PROBLEM TO SOLVE –
Give back the exact lines of the material below from the one containing "転写不可 RPA COMMUNITY, All" through the one containing "JlJ W 111 SKHRS", and no pictures.

SUPPLIED ENTRIES –
# # # # # # #

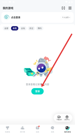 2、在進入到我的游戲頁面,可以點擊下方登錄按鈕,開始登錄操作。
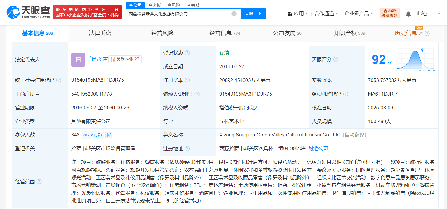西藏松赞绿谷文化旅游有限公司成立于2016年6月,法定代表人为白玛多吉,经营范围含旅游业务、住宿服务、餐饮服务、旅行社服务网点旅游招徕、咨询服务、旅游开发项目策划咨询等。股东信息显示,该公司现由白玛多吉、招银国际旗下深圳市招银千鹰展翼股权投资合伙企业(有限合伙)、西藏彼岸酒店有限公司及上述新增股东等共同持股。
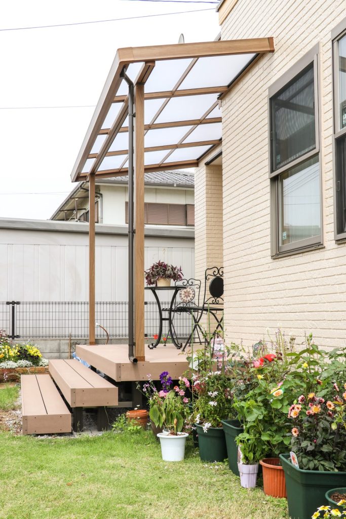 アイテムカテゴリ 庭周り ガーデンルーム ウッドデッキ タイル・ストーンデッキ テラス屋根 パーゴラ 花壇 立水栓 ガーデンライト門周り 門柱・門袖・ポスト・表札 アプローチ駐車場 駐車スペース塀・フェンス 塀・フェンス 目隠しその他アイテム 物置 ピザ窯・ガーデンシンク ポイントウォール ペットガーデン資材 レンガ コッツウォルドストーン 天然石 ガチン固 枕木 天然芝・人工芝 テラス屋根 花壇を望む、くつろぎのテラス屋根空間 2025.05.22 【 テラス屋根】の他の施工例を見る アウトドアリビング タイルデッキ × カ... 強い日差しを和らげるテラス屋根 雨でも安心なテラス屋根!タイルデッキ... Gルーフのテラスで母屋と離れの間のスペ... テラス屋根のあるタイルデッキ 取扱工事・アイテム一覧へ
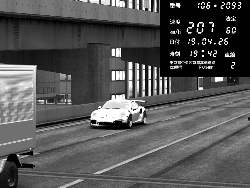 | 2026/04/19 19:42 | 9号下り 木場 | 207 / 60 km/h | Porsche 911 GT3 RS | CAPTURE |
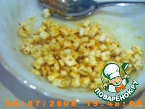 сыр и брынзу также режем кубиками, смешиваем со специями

# # # # # # #

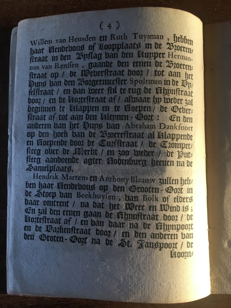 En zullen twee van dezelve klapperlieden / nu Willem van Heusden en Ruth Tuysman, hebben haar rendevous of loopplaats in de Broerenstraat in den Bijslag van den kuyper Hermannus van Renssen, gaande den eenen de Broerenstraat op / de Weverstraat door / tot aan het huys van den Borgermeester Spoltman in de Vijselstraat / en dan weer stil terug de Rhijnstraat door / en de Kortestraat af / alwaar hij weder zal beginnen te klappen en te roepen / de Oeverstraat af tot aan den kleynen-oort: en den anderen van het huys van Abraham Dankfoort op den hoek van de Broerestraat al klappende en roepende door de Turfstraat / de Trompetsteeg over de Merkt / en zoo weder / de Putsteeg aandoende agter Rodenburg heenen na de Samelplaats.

# # # # # # #

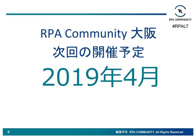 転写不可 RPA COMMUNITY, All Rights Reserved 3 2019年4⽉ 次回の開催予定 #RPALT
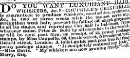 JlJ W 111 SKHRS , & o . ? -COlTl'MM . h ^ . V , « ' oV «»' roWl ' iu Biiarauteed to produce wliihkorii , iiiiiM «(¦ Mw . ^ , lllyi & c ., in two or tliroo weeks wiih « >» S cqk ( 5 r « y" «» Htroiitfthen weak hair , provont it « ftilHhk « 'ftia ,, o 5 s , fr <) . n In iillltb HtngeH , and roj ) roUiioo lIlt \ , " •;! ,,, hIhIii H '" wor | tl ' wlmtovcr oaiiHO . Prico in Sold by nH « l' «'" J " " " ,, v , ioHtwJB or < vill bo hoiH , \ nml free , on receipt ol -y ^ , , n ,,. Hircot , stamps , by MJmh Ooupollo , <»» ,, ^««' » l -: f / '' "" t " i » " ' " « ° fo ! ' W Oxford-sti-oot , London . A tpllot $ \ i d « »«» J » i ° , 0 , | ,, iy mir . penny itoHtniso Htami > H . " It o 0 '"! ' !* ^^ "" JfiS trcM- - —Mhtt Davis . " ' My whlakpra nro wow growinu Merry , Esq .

# # # # # # #

ANSWER TO THIS EXERCISE –
 転写不可 RPA COMMUNITY, All Rights Reserved 3 2019年4⽉ 次回の開催予定 #RPALT
 JlJ W 111 SKHRS , & o . ? -COlTl'MM . h ^ . V , « ' oV «»' roWl ' iu Biiarauteed to produce wliihkorii , iiiiiM «(¦ Mw . ^ , lllyi & c ., in two or tliroo weeks wiih « >» S cqk ( 5 r « y" «» Htroiitfthen weak hair , provont it « ftilHhk « 'ftia ,, o 5 s , fr <) . n In iillltb HtngeH , and roj ) roUiioo lIlt \ , " •;! ,,, hIhIii H '" wor | tl ' wlmtovcr oaiiHO . Prico in Sold by nH « l' «'" J " " " ,, v , ioHtwJB or < vill bo hoiH , \ nml free , on receipt ol -y ^ , , n ,,. Hircot , stamps , by MJmh Ooupollo , <»» ,, ^««' » l -: f / '' "" t " i » " ' " « ° fo ! ' W Oxford-sti-oot , London . A tpllot $ \ i d « »«» J » i ° , 0 , | ,, iy mir . penny itoHtniso Htami > H . " It o 0 '"! ' !* ^^ "" JfiS trcM- - —Mhtt Davis . " ' My whlakpra nro wow growinu Merry , Esq .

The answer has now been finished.